Circ sec24 homolog A (circSEC24A) up-regulates transforming growth factor ß receptor 2 (TGFBR2). circSEC24A (Figure 2) was highly expressed in PDAC tissues (92). In PANC-1 and MIA PaCa-2 PDAC cells, circSEC24A mediated cell proliferation, migration, and invasion in vitro. In nude mice, sh-circSEC24A inhibited growth of PANC-1 xenografts after s.c. implantation. circSEC24A bound to miR-606, up-regulated TGFBR2 and activated AKT signaling. A complex between TGFBR1, transforming growth factor β (TGFβ) and TGFBR2 is formed and activates SMAD2, SMAD3 and SMAD4 to regulate gene expression. However, the signaling output is highly context dependent (92, 93). In PDAC, TGFBR1/TGFBR2, SMAD2, SMAD3 signaling has been shown to mediate invasiveness (94). Galunisertib, an oral inhibitor of the kinase activity of TGFRB2 gave rise to promising clinical activity in patients with unresectable PDAC, however, clinical development of this compound was cancelled, probably due to safety issues (95).
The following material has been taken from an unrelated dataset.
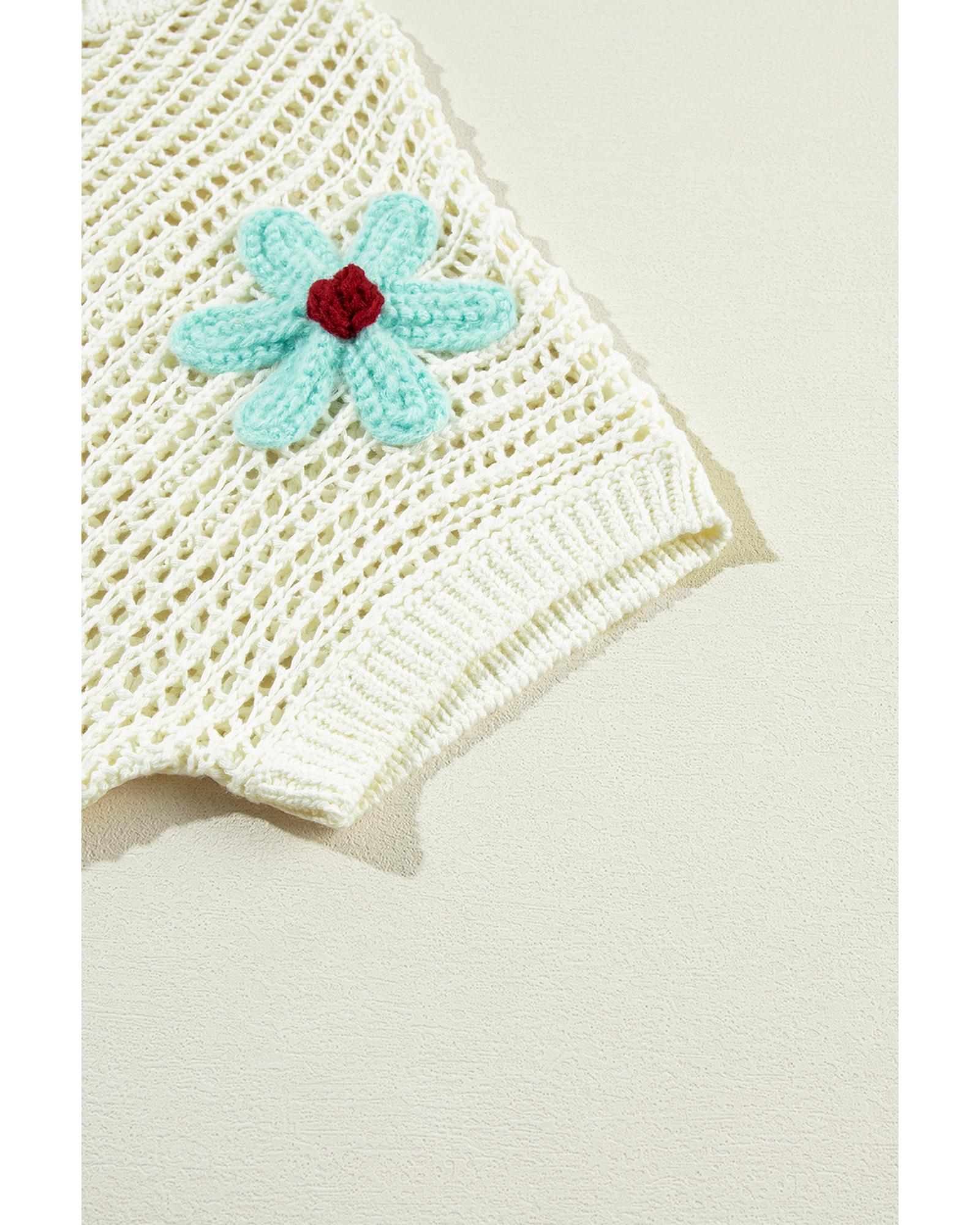 White Crochet Flower Hollow-out Sweater T Shirt - M

Inhibition of TGFβ signaling together with anti-programmed death1 (PD1) antibody durvalumab showed promising clinical efficacy in patients with metastatic PDAC (96, 97).
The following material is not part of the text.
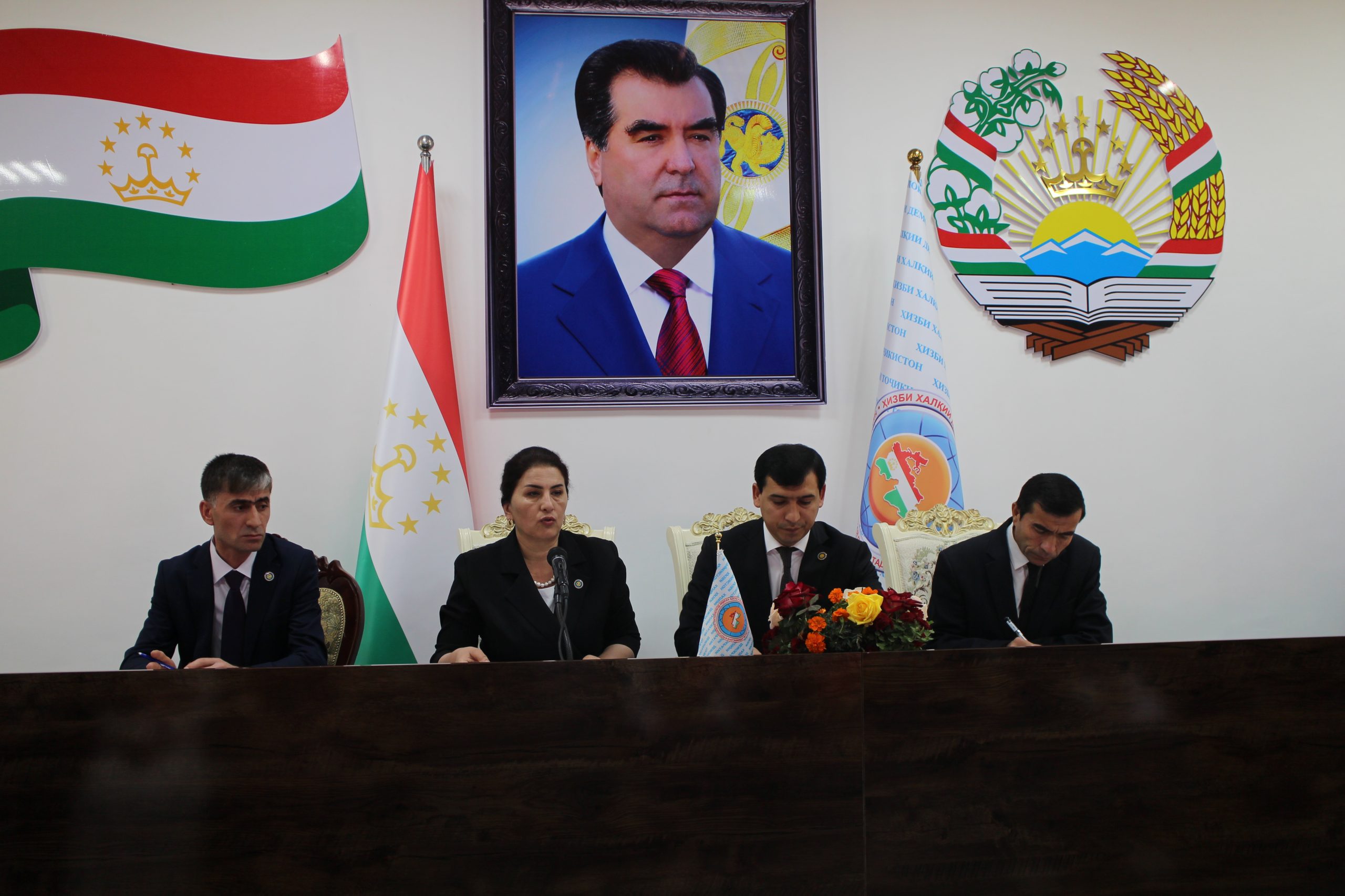 Бо ҳамин тартиб баромад намуданд: – Аҳмадзода Оятулло Изатулло раиси Ташкилоти ҷамъиятии ҷавонон “Созандагони Ватан” дар мавзуъи “Наврасону ҷавонон – нерӯи созанда ва ояндаи миллат” баромад намуда, ёдовар шуданд, ки Асосгузори сулҳу ваҳдати миллӣ – Пешвои миллат, Президенти кишвар, Раиси муаззами Ҳизби Халқии Демократии Тоҷикистон муҳтарам Эмомалӣ Раҳмон махсусан ба дастгирии ҷавонон ва таъмини онҳо бо ҷойҳои нави корӣ, дар асоси истифодаи технологияҳои иттилоотиву коммуникатсионӣ бо донистани забонҳои хориҷӣ таваҷҷуҳи хосса дода, пешниҳодҳои ҷавононро баҳри инкишофи Ватани азизамон доимо дастгирӣ менамоянд ва бунёди шароити мусоиди кору фаъолиятро барои ҷавонон пайваста таъмин месозанд. Тавре ки Пешвои миллат муҳтарам Эмомалӣ Раҳмон пайваста таъкид менамоянд:

Circ serine-threonine kinase 39 (circSTK39) up-regulates translocation associated membrane protein 2 (TRAM2). circSTK39 (Figure 2) was higher expressed in PDAC tissues compared to adjacent tissues (98). In PANC-1 and BxPC-3 PDAC cell lines, si-circ-STK39 inhibited cell proliferation and invasion in vitro and growth of PANC-1 xenografts in nude mice. circSTK39 sponged miR-140-3p and up-regulated TRAM2. The latter is a translocation component that controls post-translational processing of nascent secretory and membrane proteins of the endoplasmic reticulum and is expressed in many human tissues (98). TRAM2 has been identified as a key mediator of proliferation, invasion and matrix metalloproteinase activation, yes-associated protein (YAP)-induced oncogenesis and as an activator of the PI3K/AKT/mTOR pathway (99-101).
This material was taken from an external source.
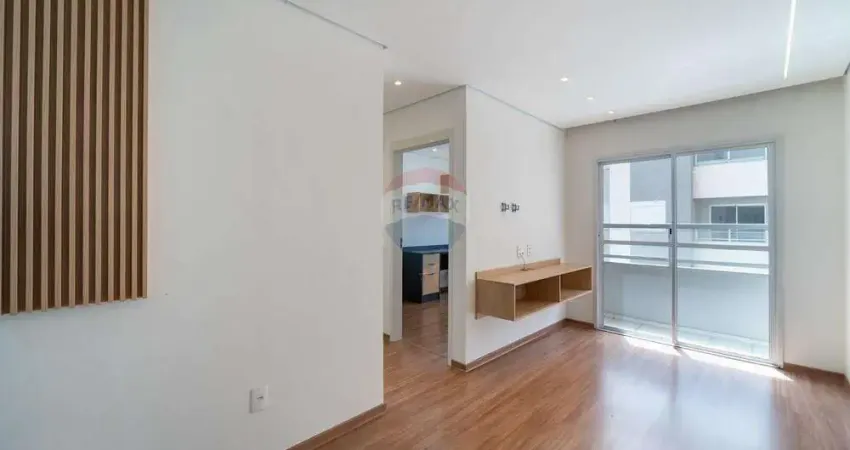A sala de estar conta com um painel para TV (home) e detalhes de madeira na parede, conferindo um toque moderno e sofisticado ao ambiente. Ela ainda conta com uma sacada que pode ser integrada a sala pois há a possibilidade de ser envidraçada. Um dos quartos foi transformado em um escritório funcional com móveis planejados, perfeito para quem trabalha de casa. O segundo dormitório, aconchegante, possui um guarda-roupa planejado que oferece bastante espaço para organização.

Circular RNAs Involved in the Expression of Transcription Factors
Circ EYA transcriptional co-activator and phosphatase 3 (circEYA3) and circ SLIT homolog 2 (circSLIT2) up-regulate transcription factor c-MYC. circEYA3 (Figure 3) over-expression was associated with poor prognosis in patients with PDAC and correlated with advanced lymph node invasion and tumor-node-metastasis (TNM) status (102). Knockdown of circEYA3 suppressed proliferation, migration, invasion, ATP production, and lactate dehydrogenase A (LDHA), induced apoptosis in PANC-1 and MIA PaCa-2 PDAC cells in vitro, and inhibited growth in PANC-1 xenografts in nude mice (102). circEYA3 sponged miR-1294 and up-regulated c-MYC. Expression of circSLIT2 was up-regulated and correlated with poor prognosis in patients with PDAC (103). circSLIT2 promoted proliferation and anaerobic glycolysis in PDAC cells in vitro and stimulated growth of PDAC-derived xenografts in nude mice. circSLIT2 sponged miR-510 and up-regulated c-MYC. The function of c-MYC as a driver of proliferation, growth and metastasis has been documented (104-106). OMO-103, a cell penetrating peptide, which inhibits interaction of c-MYC with several proteins, is presently clinically evaluated in patients with cancer and stable disease was noted in half of pancreatic cancer patients (107, 108). Inhibition of MYC-based spheres-formation is presently evaluated as a new approach for cancer therapy (109).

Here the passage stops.